Cauldron-Born: (Note: These ghouls are solely for story purposes as the Cauldron has been missing for 2000 years. The ghouls created with this method would be dead by now.)
The ghoul may have access to powers its soul had in its previous life with the fresher dead being the strongest and the longer dead having less power. The Cauldron is a neutral entity, and it is just as likely to consume the souls and bodies placed in it as it is to create a ghoul. Thus, not every body dropped into it is guaranteed to come back. The majority of the time, the body/residual power of that life will be converted into a philosopher’s stone.
Stone-Born: The range of power is also dependent on what was made to create the philosopher’s stone. Since all entities sacrificed to the Black Cauldron during the war would have been Fae ranging from newborn to 1500 years old, all philosopher’s stone source material has Fae background and includes the same advantages and disadvantages Fae of those ages would have.
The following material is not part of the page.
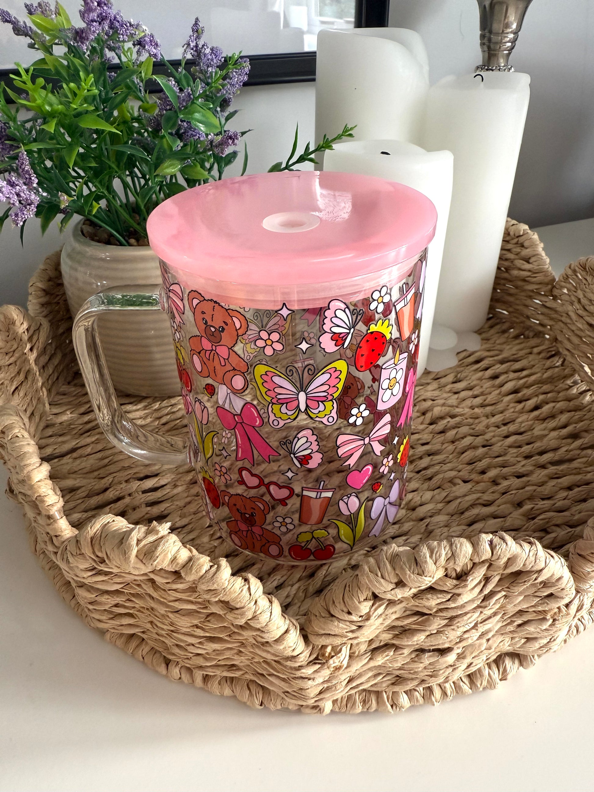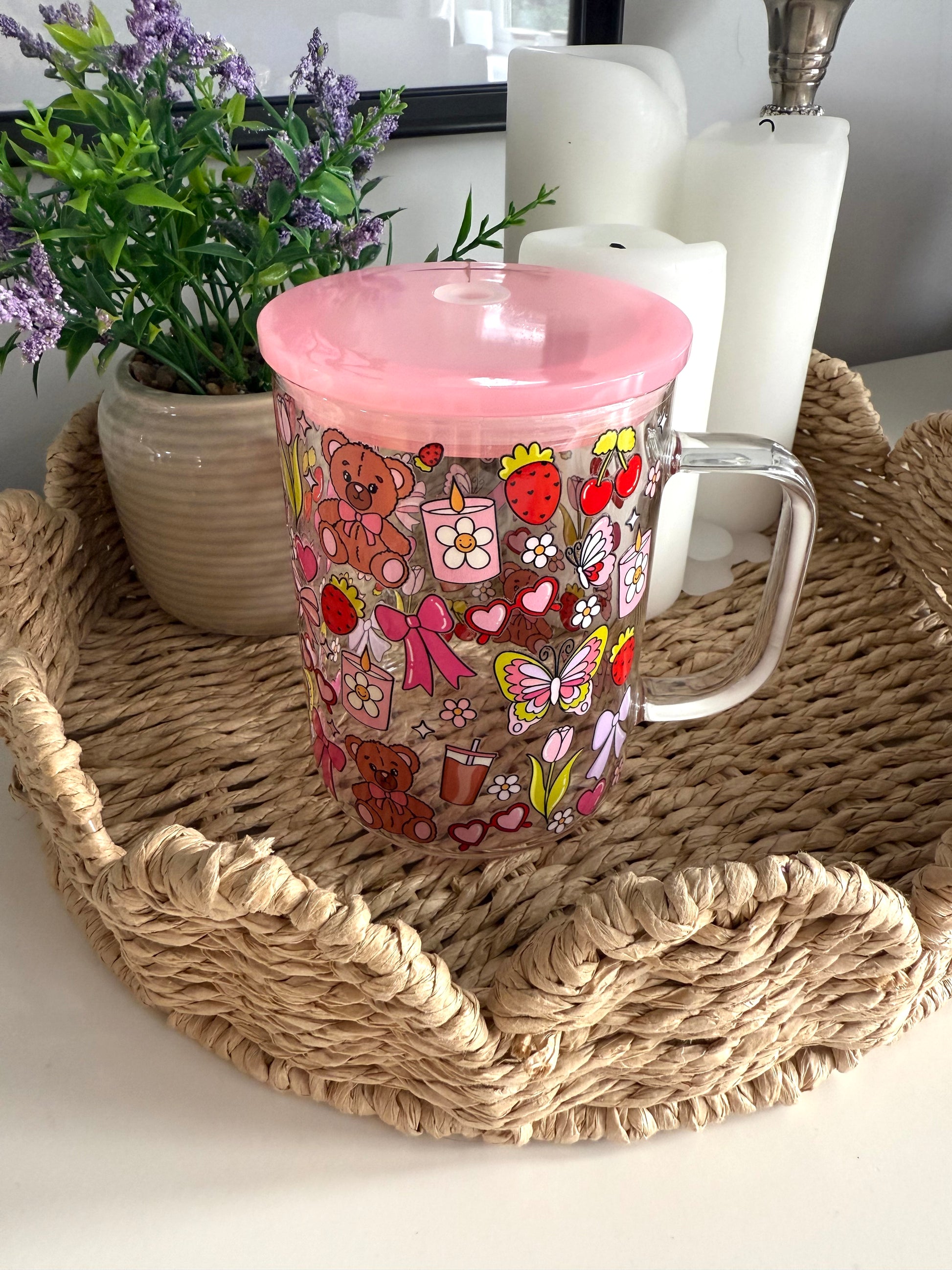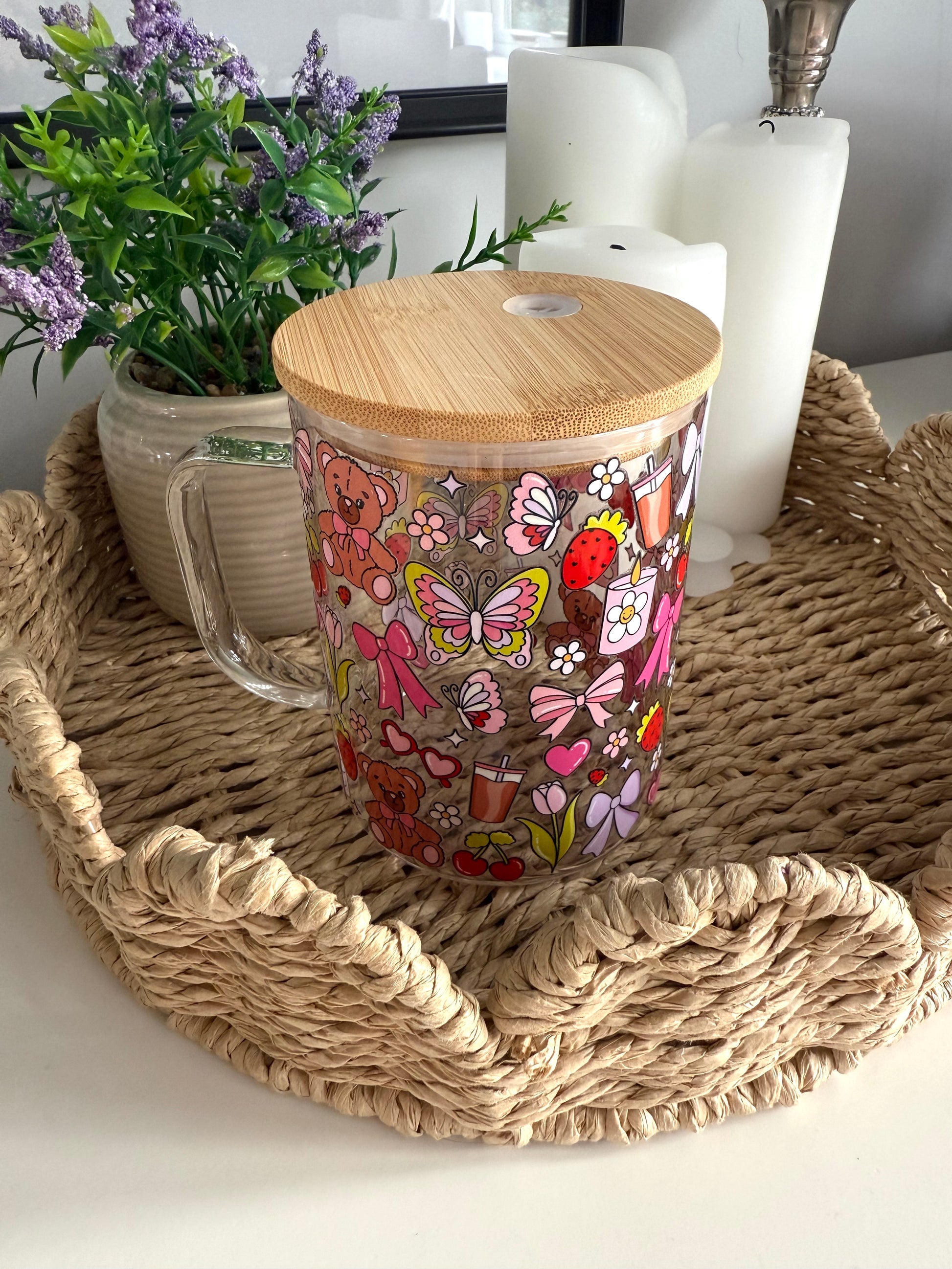 The Strawberry Daydream Glass Mug is bursting with charm, featuring a playful mix of hearts, bows, strawberries, butterflies, and iced coffee drinks in vibrant shades of pink and red. It’s the ultimate mix of cute and fun, perfect for adding a little sweetness to your daily sips.

It’s more likely Fae under 1000 years old were sacrificed so those stones would not be as powerful as someone with a stone that took the life of a Fae that had reached full maturity. The stone overrides any powers the revived soul may have in its previous life as the stone is serving as the ghoul’s life force. Each practice of magic siphons power from the stone, and the stone cannot replenish power on its own.
Ghouls will live as long as their source material had lived. Sacrifice a 500 year old Fae? You’ll only be able to live another 500 years. For ghouls who use magic and were created by the Cauldron, expect for them to devolve into instinct-based, crazed, half-rotting monsters long before they reach the end of their unnatural lifespan. For ghouls who use magic and are powered by a philosopher’s stone, this number varies depending on how much magic is being used. If it’s part of their everyday lives, expect the lifespan to be cut in half.
Healing arts have no effect on ghouls except to cause pain and even be damaging in some cases.
Decapitation or extreme head trauma will kill a Cauldron-Born.
Removing the Philosopher's Stone from a Stone-Born will make the ghoul go dormant, and the Stone cannot be used for other purposes as it was bounded to the ghoul when it was used to bring it to life. Although the body forms a very durable and protective shell for the Stone, all it takes is for the Stone to be destroyed to kill the ghoul.